Top Related Projects
Cross-platform asynchronous I/O
A runtime for writing reliable asynchronous applications with Rust. Provides I/O, networking, scheduling, timers, ...
Actor framework for Rust.
Netty project - an event-driven asynchronous network application framework
ZeroMQ core engine in C++, implements ZMTP/3.1
Node.js JavaScript runtime ✨🐢🚀✨
Quick Overview
Mio is a low-level, cross-platform I/O library for the Rust programming language. It provides a non-blocking, event-driven I/O API that allows developers to build high-performance network applications. Mio is a core component of the Tokio project, a popular asynchronous runtime for Rust.
Pros
- Cross-platform: Mio supports multiple operating systems, including Windows, macOS, and Linux, making it a versatile choice for building cross-platform applications.

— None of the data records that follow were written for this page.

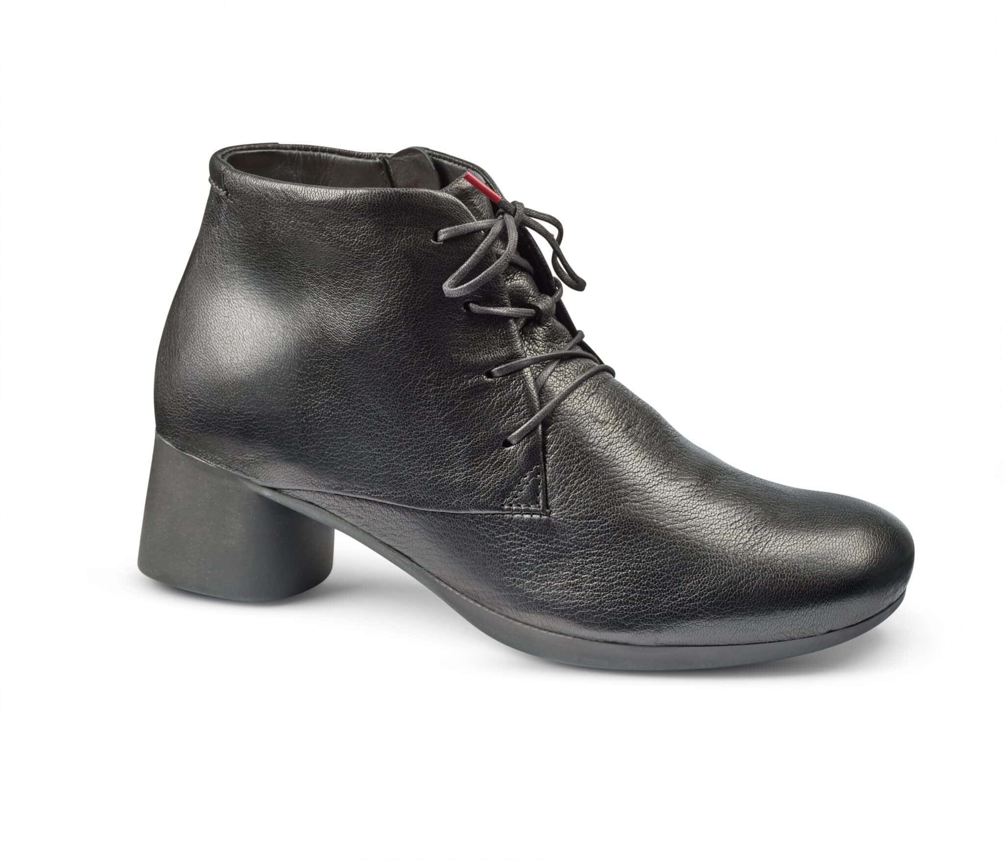 Svart skinnkänga med dragkedja och snörning. Gummisula för bra grepp. Innersulan är löstagbar för dig med egna fotbäddar. Klackhöjd 4,5 cm.
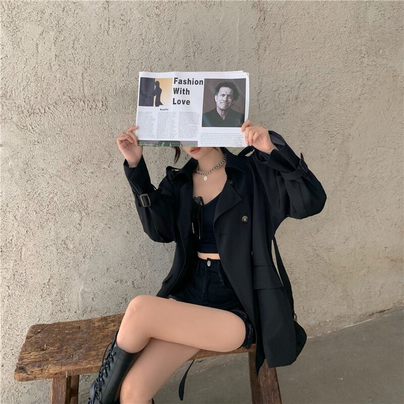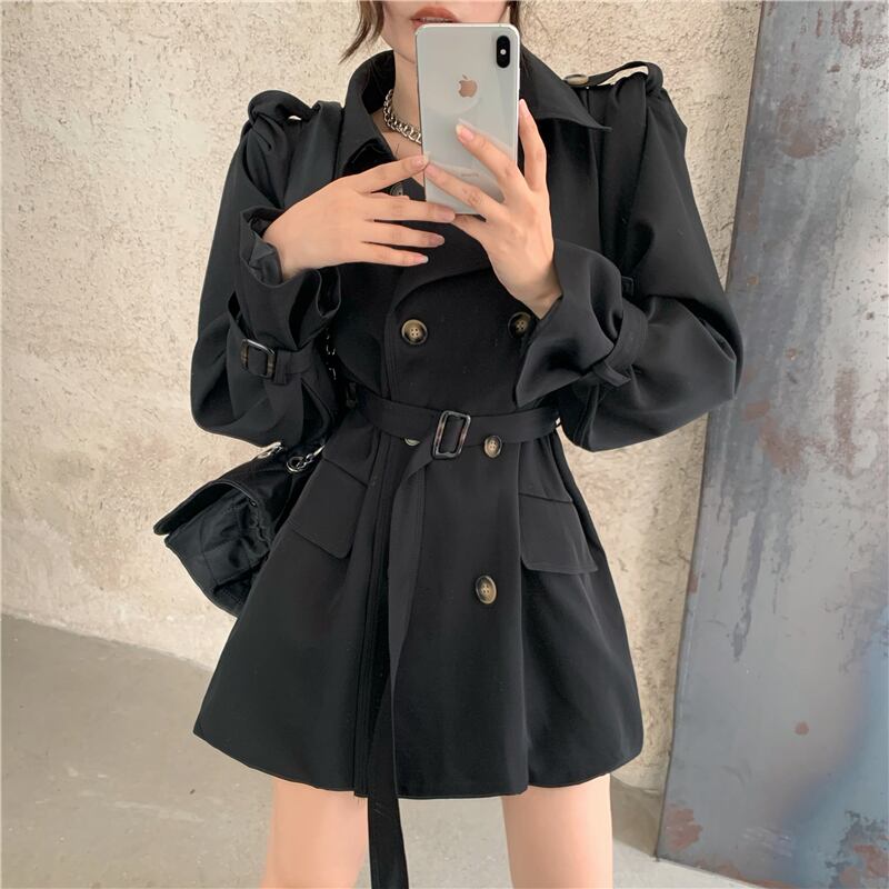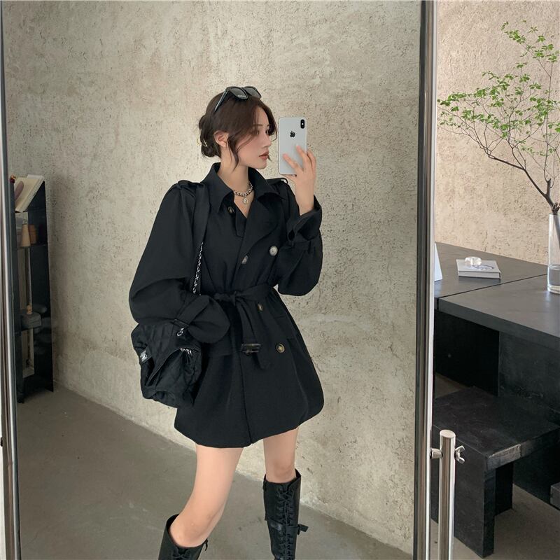 小さなミドル丈の黒の気質のウインドブレーカージャケットの女性2020年秋冬の新しい英国スタイルのオールマッチコート ブラックストロベリース89367099624
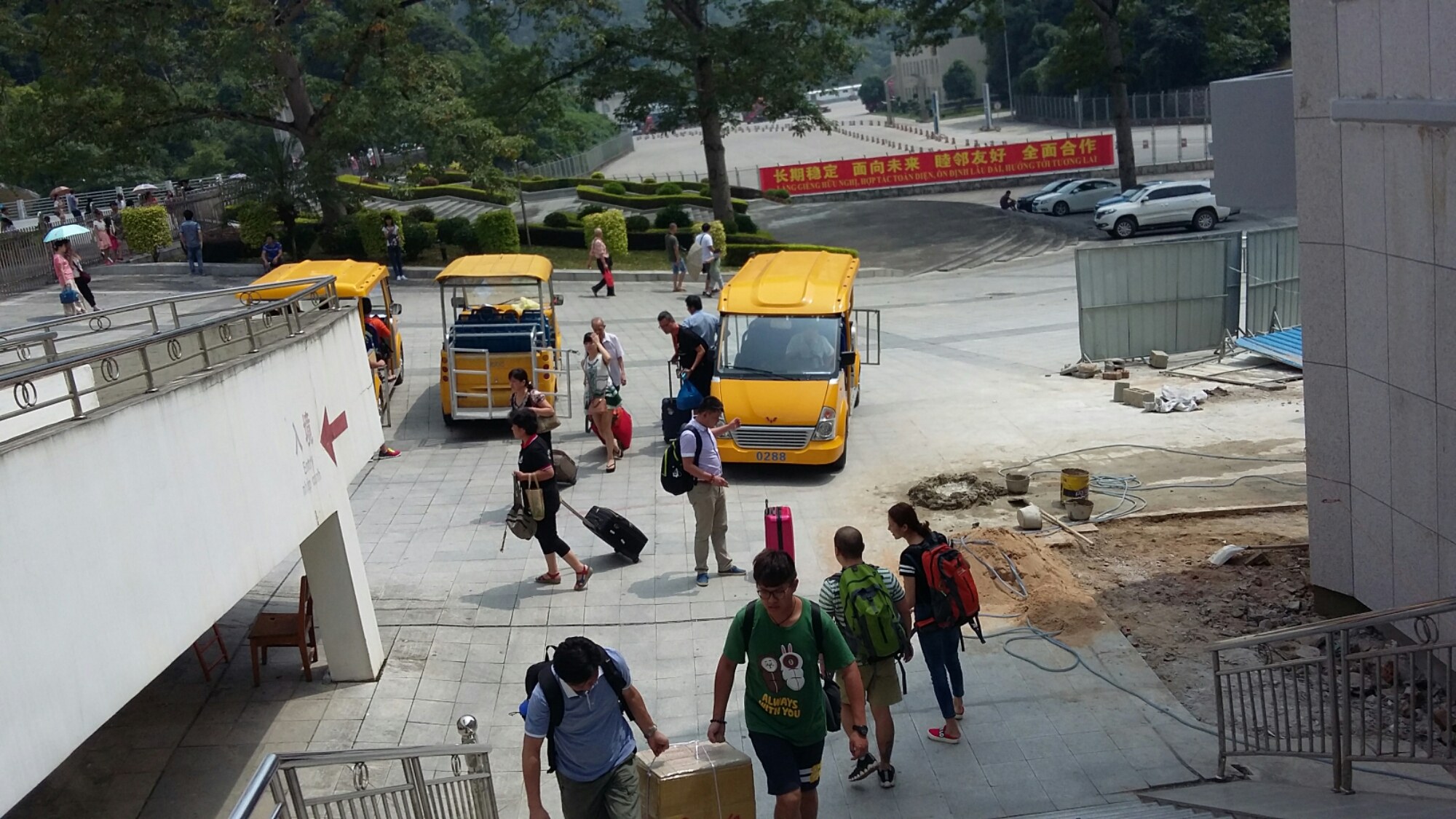 Passagiere und Gepäck werden in Golfwagen verfrachtet welche uns zus chinesischen Passkontrolle bringt.

- High-performance: Mio is designed for performance, utilizing efficient I/O primitives and event-driven architecture to enable the creation of scalable network applications.
- Asynchronous: Mio's API is built around asynchronous programming, allowing developers to write efficient, non-blocking code that can handle multiple concurrent connections.
- Lightweight: Mio has a small footprint and minimal dependencies, making it a suitable choice for resource-constrained environments.
Cons
- Complexity: Mio's low-level nature and focus on performance can make it more complex to use compared to higher-level networking libraries.
- Steep learning curve: Developers new to asynchronous programming and event-driven architectures may find the initial learning curve for Mio to be challenging.
- Limited documentation: While the Mio project has good documentation, some users may find that the documentation could be more comprehensive and easier to navigate.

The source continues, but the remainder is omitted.